To qualify for an award, your app – either free or paid – must be available to webOS users via Palm distribution programs between February 1, 2010, and May 31, 2010. In addition, the following criteria apply:

  • The app must have been developed using the Palm webOS Software Development Kit or the Ares Integrated Development Environment. Since the Palm webOS Plug-in Development Kit is not widely available, applications utilizing this development kit or any APIs not in the Palm webOS SDK are ineligible.
  • Apps must be available for download through an official Palm webOS distribution program (App Catalog Distribution, Web Distribution, or Beta Distribution). Apps distributed through non-Palm methods do not qualify.
  • Apps developed by Palm employees or their direct relations are ineligible for awards.

What do you think of this approach?

GitHub Palm Repository


I am a huge GitHub fan and I am really glad that we have opened up our Palm GitHub account with some goodies. We have various projects that contain sample code that go from ye olde hello world app, to Mitch Allen’s great news app from his book to the indispensable stylematters app that our great HI put out to show you how to make beautiful, usable applications.

I hope that this is just the beginning and that you will see more and more projects on GitHub to fork! Speaking of projects to fork….

Project Appetite


One of the new projects is Project Appetite which is an open source project showing how you can interface with the Palm application feeds that come out of our full catalog.

Early partners have already built sites using the feeds: PreCentral App Gallery, webOS App Catalog Viewer, the House of Palm, and on FreshMeat.

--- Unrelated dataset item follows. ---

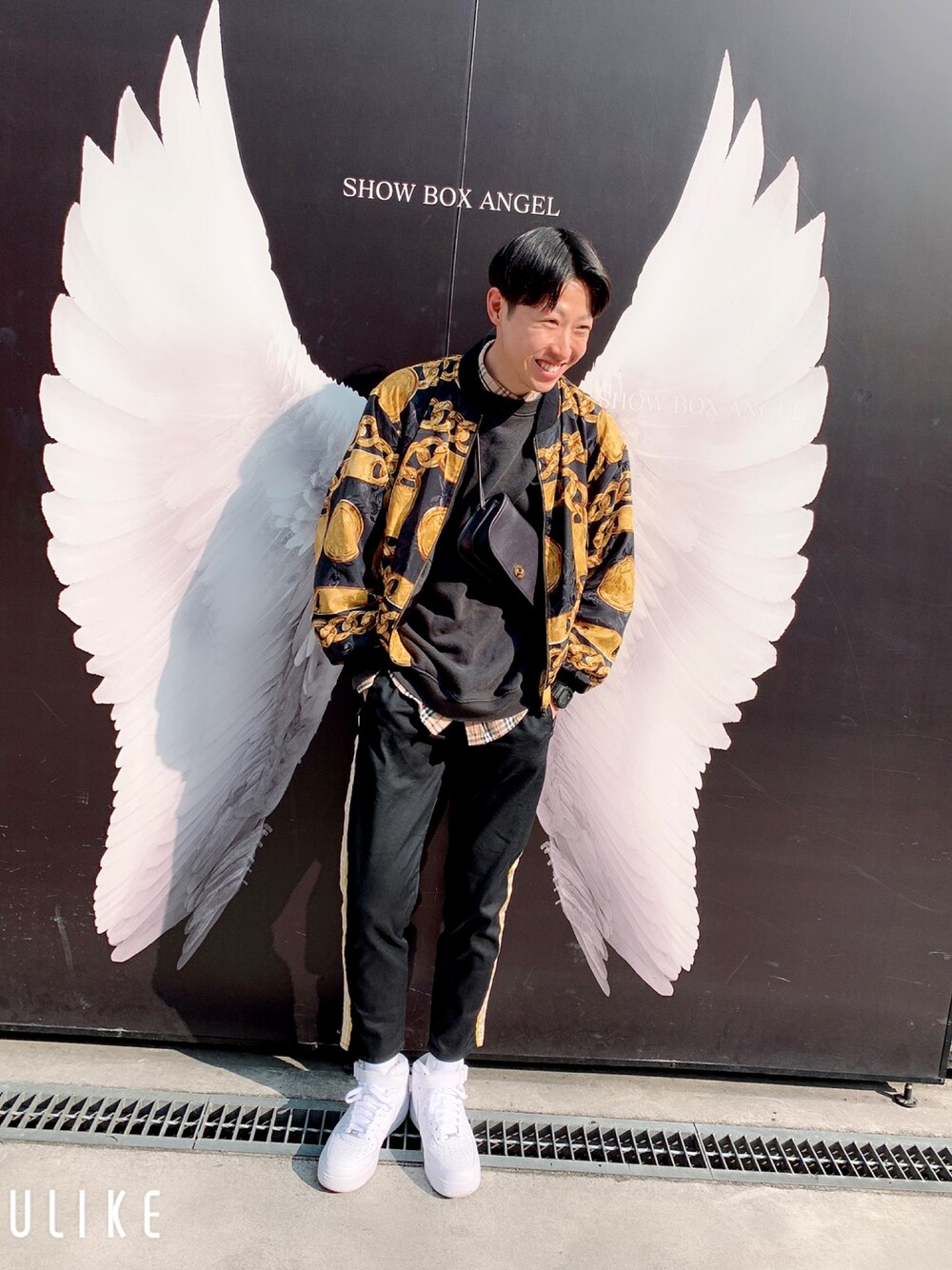 新大久保に行った時のコーデ! 派手ブルゾンがコリアン感出してますね! ZARAパンは安くて丈感良かったので購入! ローカット穿けばいい感じだったけど、エアフォースにしたかったからこんな丈感に笑笑

Now you can integrate the feeds yourself. There are a lot of different pieces in that one project, and I need some other posts to go into details on the front end code (some fun CSS transforms if you are in Safari on Mac and hit Ctrl-F!) as well as the backend (using Java, node.js and lots of good stuff). There is still a lot that we want to do to help people and this is just the beginning of that project.

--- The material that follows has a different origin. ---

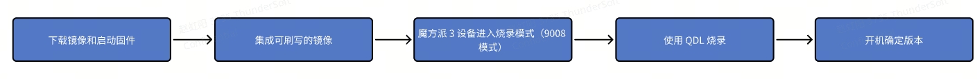 在终端中使用以下命令根据主机架构运行 QDL_Win_x64 或 QDL_Win_ARM64 目录中的 QDL 可执行文件, 进行镜像烧录。烧录完成后设备自动启动。请确保位于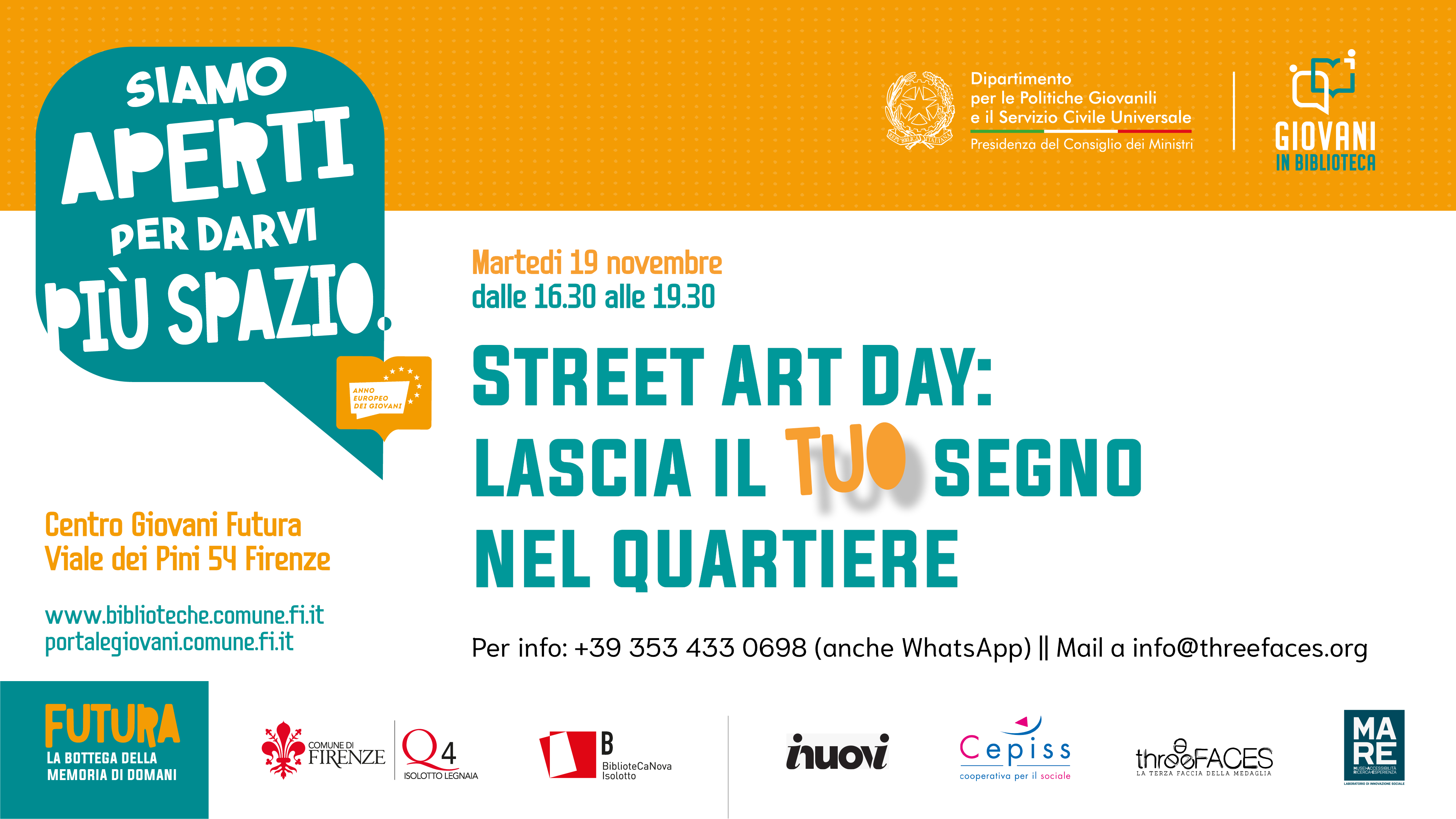 Martedì 19 novembre, presso il Centro Giovani Futura in Viale dei Pini 54, si terrà il Street Art Day, un evento dedicato ai ragazzi e alle ragazze del Quartiere 4 di Firenze, con l'obiettivo di promuovere la creatività giovanile attraverso l'arte urbana. L'evento si svolgerà dalle ore 16:30 alle ore 19:30 e offrirà ai partecipanti la possibilità di esprimersi artisticamente su pannelli messi a disposizione, utilizzando bombolette spray e vernici fornite gratuitamente.

Phew. What a way to start the new year. Thanks for joining me on this journey and I can’t wait to see what folks come up with (including us!)

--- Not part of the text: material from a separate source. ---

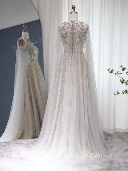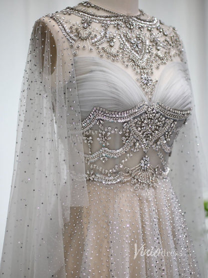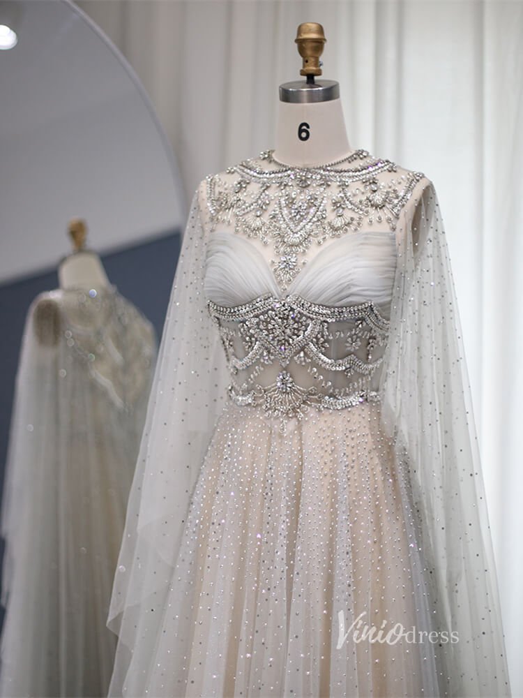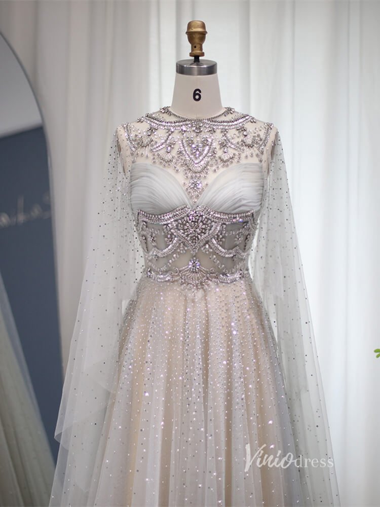 Silver Beaded A-line Prom Dresses Cape Sleeve FD2612

6 Responses to “Palm Developer Program Opens at CES: A big appetite with a Plug-in Development Kit, $1M dollars of rewards, and more”

  1. Ryan Stewart Says:

    I love you guys’ use of GitHub. I’d like to copy that at Adobe but there are so many random projects that it seems tough.

    Also, your GitHub profile link looks like it’s wrong.


  2. Dion Almaer Says:


    Thanks man! Should stick with one (dion vs. dalmaer) :)



  3. James Strachan Says:

    I just wonder if rewarding the most downloaded (which is usually the big games companies like EA/SEGA if its anything like the iphone) is incentive to get independent developers writing great *quality* applications & innovating?

    Maybe half the prize money should go to votes/ratings based on innovation or whatever; rather than just the most downloaded game. EA & SEGA have enough money :)

  4. Shane O'Sullivan Says:

    With regards to free apps, will the hot apps competition also apply to trial apps, i.e. they might only last for a day, and then force you to buy the paid app? Since they’re not really proper apps in themselves, and really only a way around the fact that the App Catalog doesn’t have a “try before you buy” mechanism (would be very cool to get that), it’s worth considering if they should be included.

  5. Dion Almaer Says:


    Good point, and one that was debated. We talked about ways to “regulate” this type of thing…. however that felt weird too. The fact that one company can only get one “win” so to speak will hopefully minimize things, and maybe someone like EA will be nice enough to donate their winnings to the community? :)



  6. Peter Carabeo-Nieva Says:

    Upon the release of Flash Player 10.1 for webOS, will I be able to code a native webOS app that simply embeds a SWF? If Actionscripters can have this ability, then we can easily code our webOS apps in pure AS3. However, I understand that since Flash Player 10.1 is technically a “browser plug-in”, this scenario might not be possible unless Palm could provide some sort of native webOS “browser canvas” code and then give us the ability to feed the flash player embed code into that “browser canvas”, I’m guessing???